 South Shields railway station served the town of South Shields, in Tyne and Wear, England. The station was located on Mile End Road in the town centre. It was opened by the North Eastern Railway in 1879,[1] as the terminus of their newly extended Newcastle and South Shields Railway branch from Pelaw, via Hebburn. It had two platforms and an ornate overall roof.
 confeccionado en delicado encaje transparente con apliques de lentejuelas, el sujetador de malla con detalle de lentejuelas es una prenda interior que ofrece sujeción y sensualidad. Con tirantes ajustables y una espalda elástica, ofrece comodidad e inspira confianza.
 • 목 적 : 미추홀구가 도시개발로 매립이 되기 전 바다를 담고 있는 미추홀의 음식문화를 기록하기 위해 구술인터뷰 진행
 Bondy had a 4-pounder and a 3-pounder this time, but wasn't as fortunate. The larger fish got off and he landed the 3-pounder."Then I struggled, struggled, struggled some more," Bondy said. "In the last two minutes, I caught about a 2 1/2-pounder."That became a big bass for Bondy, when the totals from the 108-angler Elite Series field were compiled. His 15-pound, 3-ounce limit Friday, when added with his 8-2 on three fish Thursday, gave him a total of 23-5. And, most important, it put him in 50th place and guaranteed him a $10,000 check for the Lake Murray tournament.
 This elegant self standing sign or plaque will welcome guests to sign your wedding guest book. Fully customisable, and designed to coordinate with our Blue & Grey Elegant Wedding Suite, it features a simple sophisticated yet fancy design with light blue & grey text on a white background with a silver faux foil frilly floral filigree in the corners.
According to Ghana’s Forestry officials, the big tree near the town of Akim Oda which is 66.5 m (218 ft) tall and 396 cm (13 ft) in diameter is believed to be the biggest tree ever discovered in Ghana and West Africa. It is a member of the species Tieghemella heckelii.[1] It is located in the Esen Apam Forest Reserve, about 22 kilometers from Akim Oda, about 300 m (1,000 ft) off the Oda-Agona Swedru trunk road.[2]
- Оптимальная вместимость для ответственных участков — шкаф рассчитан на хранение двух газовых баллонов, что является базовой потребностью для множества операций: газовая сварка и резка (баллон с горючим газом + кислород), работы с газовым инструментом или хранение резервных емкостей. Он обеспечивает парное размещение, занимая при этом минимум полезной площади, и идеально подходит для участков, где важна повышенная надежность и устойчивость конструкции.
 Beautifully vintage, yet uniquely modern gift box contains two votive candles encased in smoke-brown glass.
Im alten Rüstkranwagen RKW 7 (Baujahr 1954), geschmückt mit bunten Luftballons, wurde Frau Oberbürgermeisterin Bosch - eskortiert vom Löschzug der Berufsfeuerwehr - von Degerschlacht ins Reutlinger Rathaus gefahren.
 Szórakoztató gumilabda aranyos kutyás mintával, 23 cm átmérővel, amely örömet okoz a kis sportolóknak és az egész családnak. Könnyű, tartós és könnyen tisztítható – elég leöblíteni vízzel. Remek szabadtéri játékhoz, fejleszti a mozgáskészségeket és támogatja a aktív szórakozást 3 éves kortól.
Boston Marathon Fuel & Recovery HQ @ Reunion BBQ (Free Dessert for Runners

--------------------------------

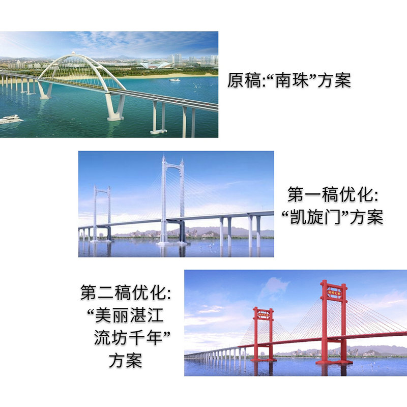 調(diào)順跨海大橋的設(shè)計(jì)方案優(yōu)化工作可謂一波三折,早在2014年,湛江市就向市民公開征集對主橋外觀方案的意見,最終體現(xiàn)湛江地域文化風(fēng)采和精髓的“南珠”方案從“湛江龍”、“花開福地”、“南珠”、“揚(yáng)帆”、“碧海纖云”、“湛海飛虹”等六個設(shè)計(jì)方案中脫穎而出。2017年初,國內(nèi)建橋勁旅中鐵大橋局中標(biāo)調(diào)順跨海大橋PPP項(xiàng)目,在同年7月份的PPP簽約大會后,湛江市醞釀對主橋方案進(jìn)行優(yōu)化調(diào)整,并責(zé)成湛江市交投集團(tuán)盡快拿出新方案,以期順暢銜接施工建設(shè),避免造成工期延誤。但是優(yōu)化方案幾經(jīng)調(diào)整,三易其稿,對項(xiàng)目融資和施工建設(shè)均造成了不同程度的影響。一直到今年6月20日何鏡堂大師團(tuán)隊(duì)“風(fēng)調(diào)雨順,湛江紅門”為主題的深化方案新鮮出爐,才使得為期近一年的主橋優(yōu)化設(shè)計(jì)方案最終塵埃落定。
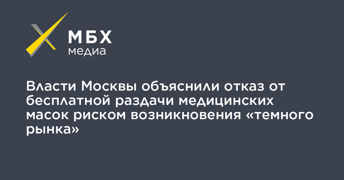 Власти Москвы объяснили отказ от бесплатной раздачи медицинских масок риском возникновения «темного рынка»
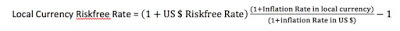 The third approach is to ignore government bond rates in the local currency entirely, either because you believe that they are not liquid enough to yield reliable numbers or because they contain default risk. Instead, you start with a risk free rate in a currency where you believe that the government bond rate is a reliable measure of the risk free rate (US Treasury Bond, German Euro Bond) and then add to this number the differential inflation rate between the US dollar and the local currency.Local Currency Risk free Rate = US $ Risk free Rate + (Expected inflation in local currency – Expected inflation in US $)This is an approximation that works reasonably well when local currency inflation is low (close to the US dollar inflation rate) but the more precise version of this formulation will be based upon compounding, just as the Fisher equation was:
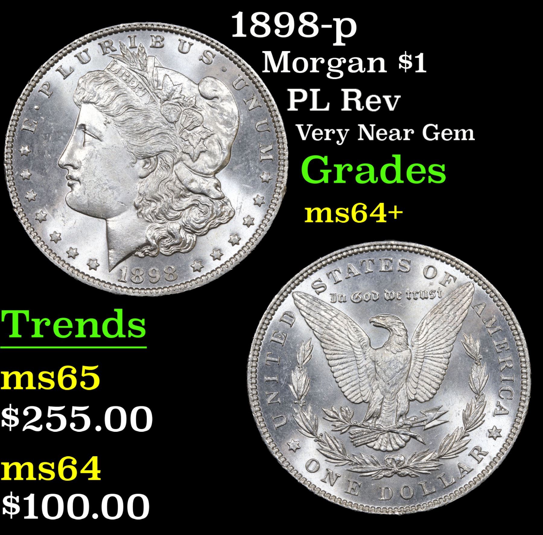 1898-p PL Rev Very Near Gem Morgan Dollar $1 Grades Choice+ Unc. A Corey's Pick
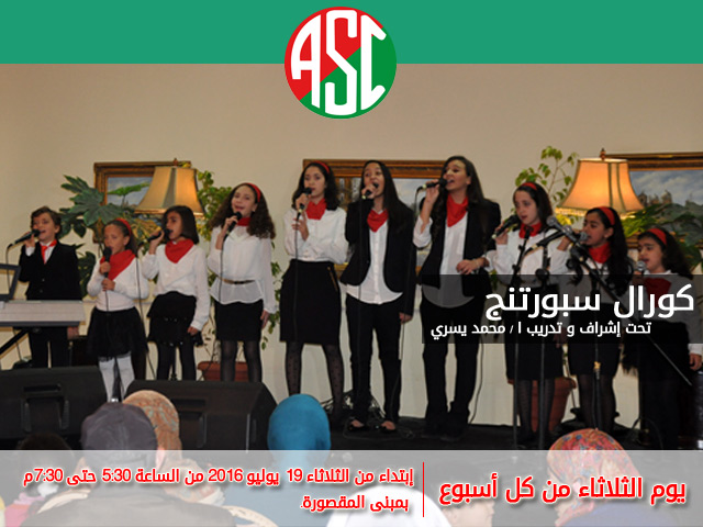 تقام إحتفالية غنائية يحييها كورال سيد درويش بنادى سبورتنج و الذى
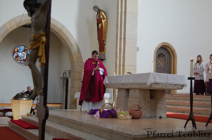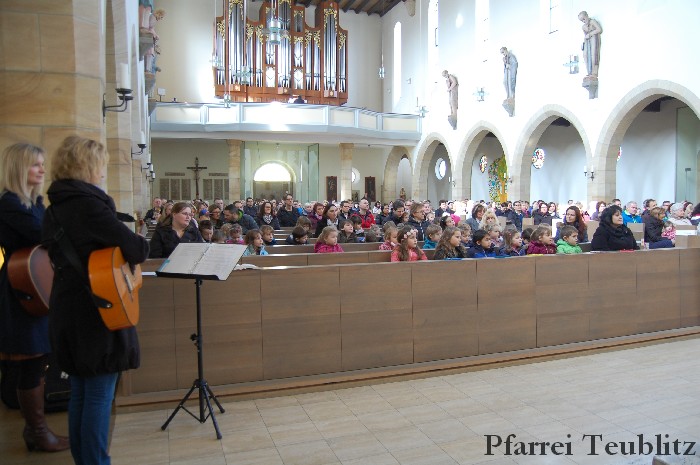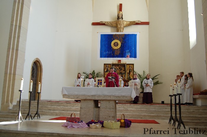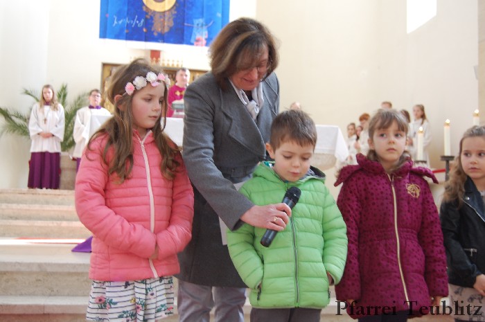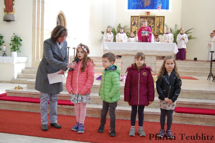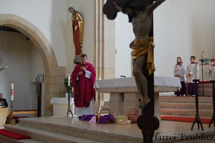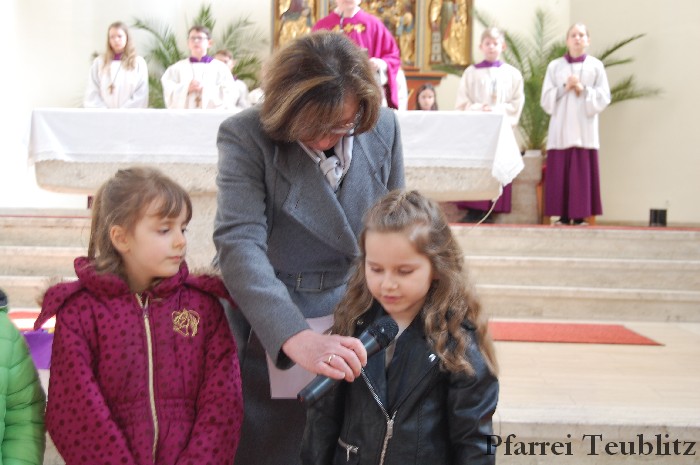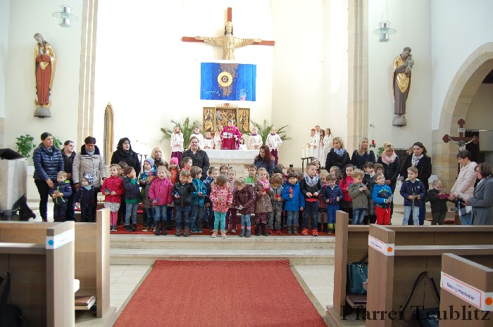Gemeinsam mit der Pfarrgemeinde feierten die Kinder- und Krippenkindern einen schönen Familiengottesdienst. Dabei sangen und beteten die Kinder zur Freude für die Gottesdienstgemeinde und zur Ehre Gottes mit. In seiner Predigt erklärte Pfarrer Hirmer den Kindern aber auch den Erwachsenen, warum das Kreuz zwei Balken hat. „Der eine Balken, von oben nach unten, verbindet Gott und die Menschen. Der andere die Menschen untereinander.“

--------------------------------

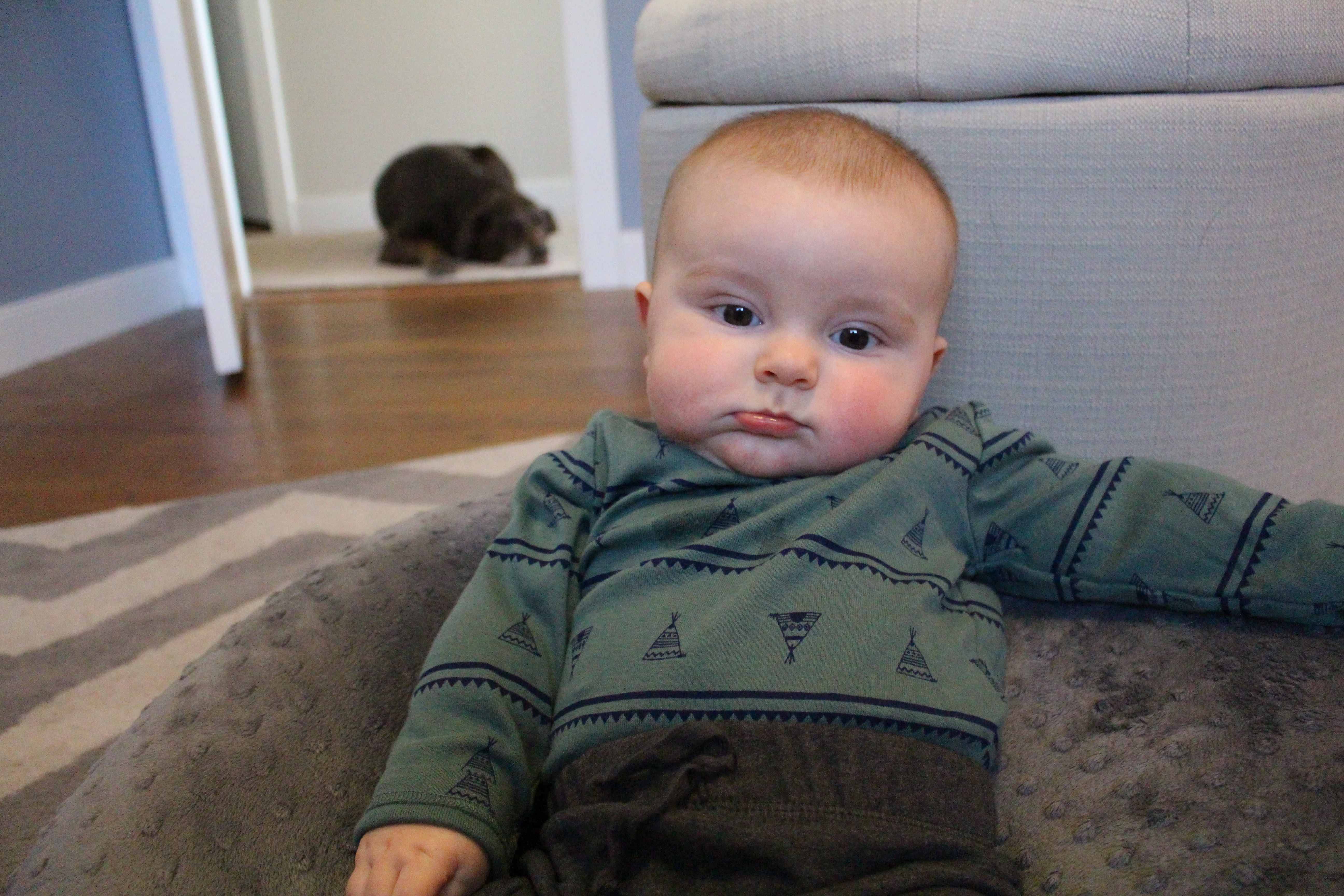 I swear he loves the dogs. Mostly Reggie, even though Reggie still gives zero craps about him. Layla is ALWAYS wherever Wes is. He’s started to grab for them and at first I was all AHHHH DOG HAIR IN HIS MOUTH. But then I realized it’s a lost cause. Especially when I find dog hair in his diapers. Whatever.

--------------------------------

### Exercise
Check the listing above for lines containing the string "located", and copy each one.

### Answer space
 South Shields railway station served the town of South Shields, in Tyne and Wear, England. The station was located on Mile End Road in the town centre. It was opened by the North Eastern Railway in 1879,[1] as the terminus of their newly extended Newcastle and South Shields Railway branch from Pelaw, via Hebburn. It had two platforms and an ornate overall roof.
According to Ghana’s Forestry officials, the big tree near the town of Akim Oda which is 66.5 m (218 ft) tall and 396 cm (13 ft) in diameter is believed to be the biggest tree ever discovered in Ghana and West Africa. It is a member of the species Tieghemella heckelii.[1] It is located in the Esen Apam Forest Reserve, about 22 kilometers from Akim Oda, about 300 m (1,000 ft) off the Oda-Agona Swedru trunk road.[2]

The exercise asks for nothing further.